Sales for Uni-Select’s Automotive Group USA reached $233 million in the first quarter compared to $150 million in the first quarter of 2008. The acquisitions completed in recent quarters contributed $56.1 million, to which should be added the favorable impact of the exchange rate variation. The operating margin for the Group declined from 6.1 percent in the first quarter of 2008 to 5.5 percent. However, on a comparative basis, excluding the latest acquisitions whose integration is just underway, the margin is 6.3 percent an improvement of 0.2 percent over 2008 as a result of continued improvement programs on margins and cost reduction.
Automotive Group Canada reported sales of $118 million comparable to levels reached in the same quarter of 2008. The operating margin of the Group improved from 5.4 percent in the first quarter of 2008 to 6.7 percent this quarter. Automotive Group Canada benefited from the integration of synergies resulting from the acquisition of RPDL in 2008 and the continued improvement of operating margins throughout the network.

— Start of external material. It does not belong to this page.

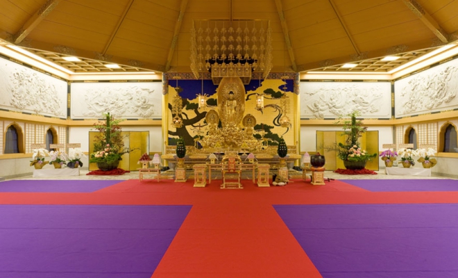舎利殿福建省工芸美術大師 黄文寿仏師制作による 高さ4.15m の阿弥陀三尊仏像周囲を囲む 総延長62.2m 高さ2.25m(11 枚)の石仏・飛天欄間彫刻群は中国工芸美術大師(人間国宝)作また 内部は13,000 点に及ぶ彫金金具で荘厳されています

Sales for the Heavy Duty Group decreased by 8.6 percent in the first quarter of 2009 to reach $12 million compared to $13 million in 2008. The operating margin for the Heavy Duty Group was (11.6 percent) in the first quarter of 2009 compared to (8.6 percent) last year. This decrease in the margin stems essentially from the decrease in sales.
"We are pleased with the impact of the acquisitions and cost-reduction programs implemented in recent years. While they have only just begun to contribute, we are already beginning to see the potential in both Canada and the U.S., from recent acquisitions. As is our practice, we will have to ensure that all synergies are achieved before their full value is realized," said Richard Roy, president and chief executive officer of Uni-Select Inc. "During the next quarters, the results of our Canadian and U.S. operations should continue to benefit from the contribution of various acquisitions completed in recent quarters. We will continue to seek out growth opportunities in Canada and the U.S., all the while keeping a firm control on assets. This may result in the sale or closure of stores in Canadian and U.S. areas with low growth potential. Furthermore, the reduction in asset base will also entail the orderly reduction of inventory," added Roy.